Exercise data below:

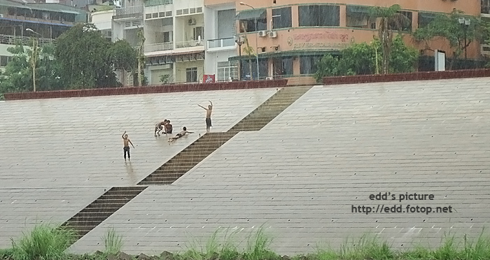 東南亞地區時有驟雨, 在白色河遊船河期間落大驟雨, 令原本大熱天的高溫變得涼快.
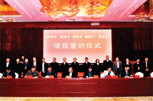 本報訊(記者 楊峰雷)3月18日下午,我市舉辦“迎老鄉(xiāng)、回故鄉(xiāng)、建家鄉(xiāng)”懇談會,來自全國28家山西商會的110多名負(fù)責(zé)人、企業(yè)家,與我市各級各相關(guān)部門負(fù)責(zé)人和企業(yè)家歡聚一堂,共商家鄉(xiāng)發(fā)展大計,并舉行了項(xiàng)目簽約儀式。市委書記李俊明出席并講話,市委副書記、市長鄭連生致辭,市委常委、副市長王士樺主持,各縣(市、區(qū))長、市直相關(guān)部門負(fù)責(zé)人參加了懇談會。
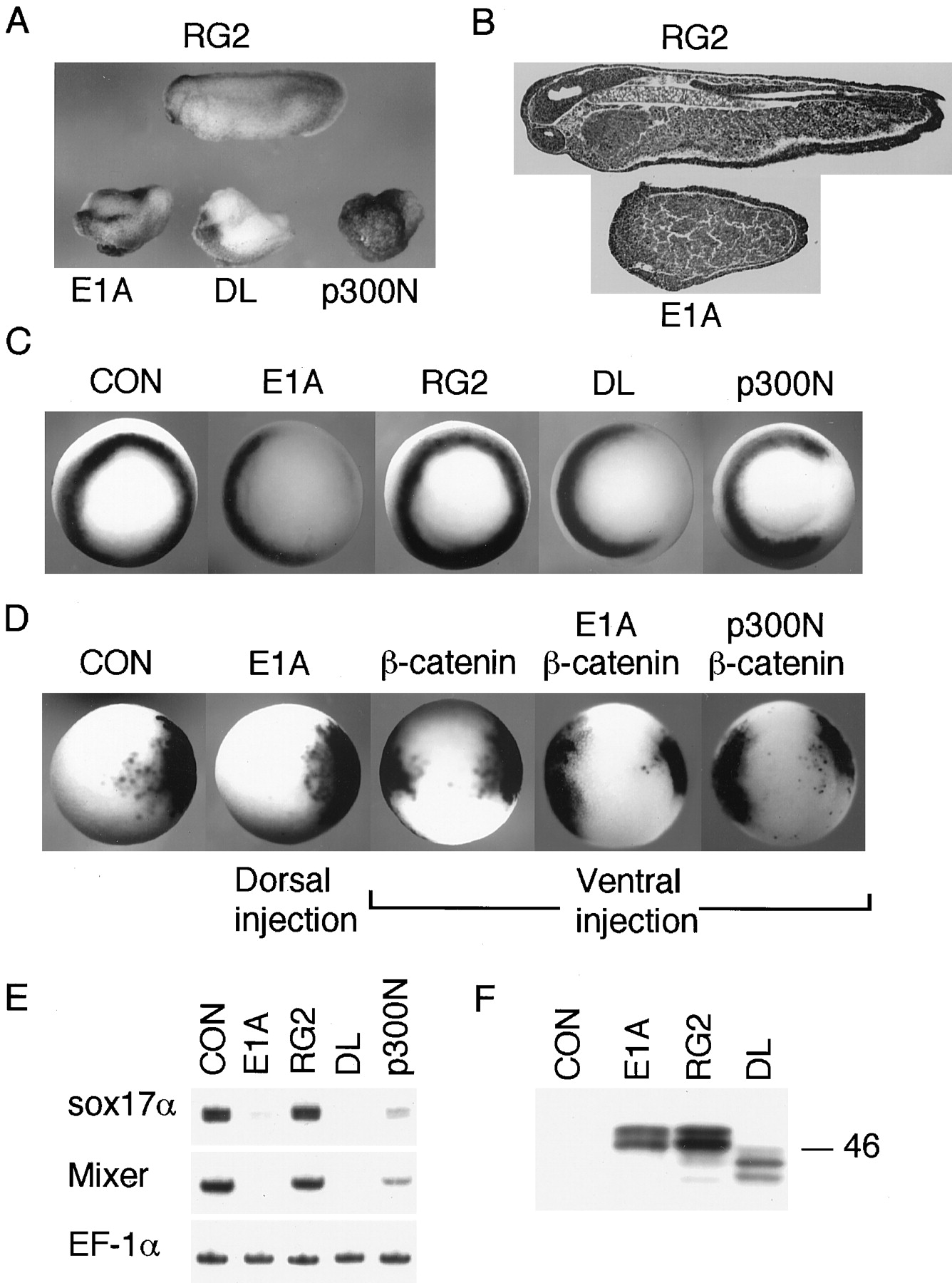 Figure 1. Inhibition of p300/CBP by E1A, E1AâRG2, and p300N interferes with mesoderm and endoderm development. A, Phenotypes of embryos injected dorsally at four-cell stage with E1A, RG2, DL120â 140 (DL), and p300N RNAs, shown at stage 25. E1A, DL120â140, and p300N-injected embryos cleaved and developed normally up through the late blastula stage (stage 9) but began to exhibit severe gastrulation abnormality from the early gastrula stage (stage 10.5). A failure of blastopore closure was observed in many of the injected embryos (stage 13). Most of injected embryos displayed a lack of any axial development at stage 25. The RG2-injected embryo is phenotypically identical to normal controls. RNA injected per embryo: 0.1 ng for E1A, RG2, and DL120â140; 2 ng for p300N. Note that because p300N mRNA and protein sizes are each approximately seven times of those for E1A, the efficiency of synthesis and the local concentration of p300N protein are likely to be much smaller than those of E1A in the embryo if the same amount of RNA were to be injected. B, Sagittal sections of a RG2 (top) and an E1A-injected embryo (bottom) at stage 25. Note that the RG2-injected embryo exhibits normal development, whereas the E1A-injected one lacks any axial tissues, such as the notochord and muscles. Axial tissues are absent in all sections (data not shown). C, Inhibition of Xbra expression examined at stage 10.5 by in situ hybridization. Note that the control (CON) and RG2-injected embryo exhibit a uniform circumferential expression pattern, whereas expression is abolished on the injected side (either dorsal or ventral) in E1A, DL120â140, or p300N-injected embryos. Dorsal is to the right. RNA injected per embryo: 20 pg for E1A, RG2, and DL120â140; 500 pg for p300N. D, Lack of inhibition of Xnr3 expression by in situ hybridization analysis, examined at stage 10.5. Note that the endogenous Xnr3 expression is not blocked by dorsally injected E1A, and an ectopic induction of Xnr3 by ventrally injected b-catenin (0.5 ng RNA per embryo) is not inhibited by coinjected E1A or p300N. Ectopic activation of goosecoid expression by b-catenin was inhibited significantly by E1A, as expected (data not shown), because goosecoid expression depends on mesoderm-inducing signals (Watabe et al., 1995). Dorsal is to the right. RNA amount injected is the same as in C. E, Inhibition of Xsox-17a and Mixer expression assayed by quantitative RT-PCR. In this and all of the following RT-PCR results, EF-1a is used as a control for the template amount. The RNA amount injected is the same as in A. F, Immunoblot of stage 9 embryo extracts to examine protein levels of E1A, E1AâRG2 (RG2), and E1AâDL120â140 (DL) from injected synthetic RNAs. CON, Uninjected control extract. |
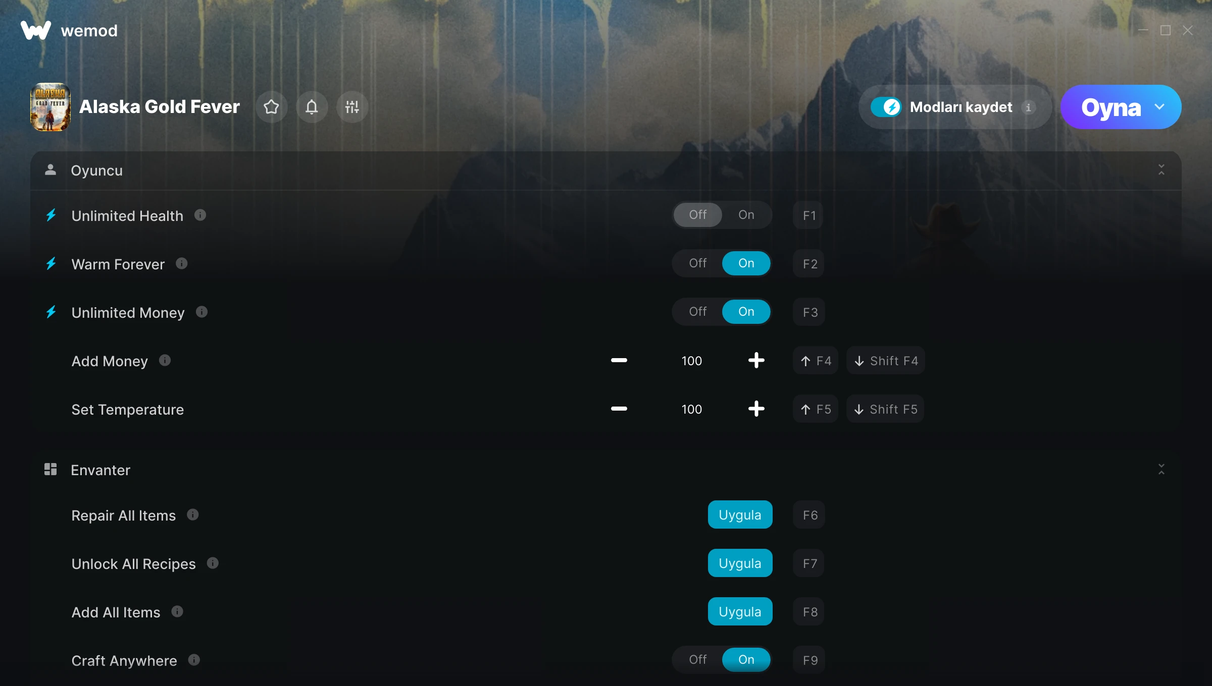 85MB Windows ...veya uygulamayı indirmek için bizi bilgisayarından ziyaret et Unlimited Health Edinin, Warm Forever & 26 diğer mod for Alaska Gold Fever with WeMod
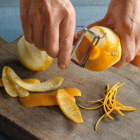 Die Zitrone und 1 Orange heiß waschen und abtrocknen, die Hälfte der Zitronenschale und die gesamte Schale der Orange dünn abschälen und in feine Streifen schneiden. Die Orange und die Zitrone auspressen.
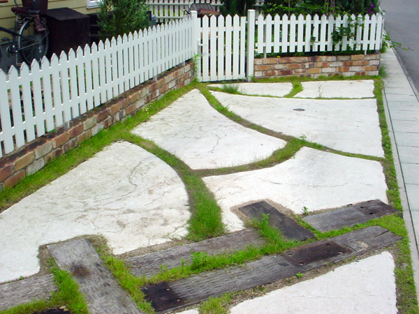 そして最後は東側の駐車場。一枚岩に似せた土間コンクリートだけでは芸がないという事で、低価格でおしゃれな擬石タイプのスタンプコンクリートを提案させて頂きました。
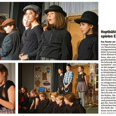 Dreimal präsentierten die jungen Schauspielerinnen und Schauspieler des Hoptbühl Gymnasiums ihr Stück "Klaus im Schrank" von Erich Kästner im Theater am Turm, unterstützt von den zahlreichen Mitwirkenden vor unter hinter der Bühne. Lesen Sie den Beitrag von Rüdiger Fein im Südkurier.
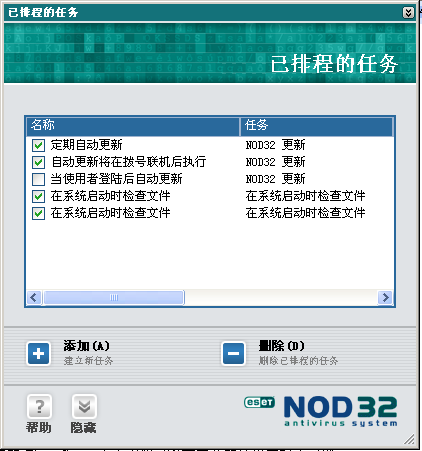 第三步:依次點擊「ESET NOD32系統工具/排程器/計劃器」選項,勾選「自動更新將在撥號聯機後執行」選框,點擊「確定」按鈕即可(如圖)。
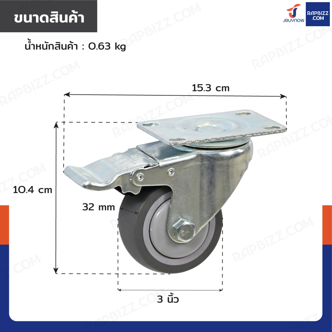 - ล้อ TPR ขนาด: 3 นิ้ว
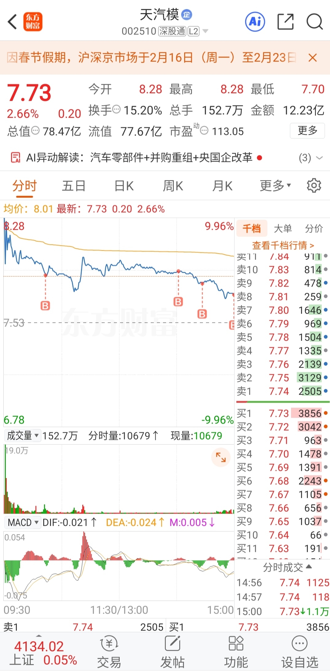 $天汽模(SZ002510)$ 参考海南矿业,假期吃面,

End of Exercise data.

-- What needs to be done --
Please write out, exactly, every line from the line with "そして最後は東側の駐車場。一" through the final line of the data above, leaving out pictures.

-- Task output --
 そして最後は東側の駐車場。一枚岩に似せた土間コンクリートだけでは芸がないという事で、低価格でおしゃれな擬石タイプのスタンプコンクリートを提案させて頂きました。
 Dreimal präsentierten die jungen Schauspielerinnen und Schauspieler des Hoptbühl Gymnasiums ihr Stück "Klaus im Schrank" von Erich Kästner im Theater am Turm, unterstützt von den zahlreichen Mitwirkenden vor unter hinter der Bühne. Lesen Sie den Beitrag von Rüdiger Fein im Südkurier.
 第三步:依次點擊「ESET NOD32系統工具/排程器/計劃器」選項,勾選「自動更新將在撥號聯機後執行」選框,點擊「確定」按鈕即可(如圖)。
 - ล้อ TPR ขนาด: 3 นิ้ว
 $天汽模(SZ002510)$ 参考海南矿业,假期吃面,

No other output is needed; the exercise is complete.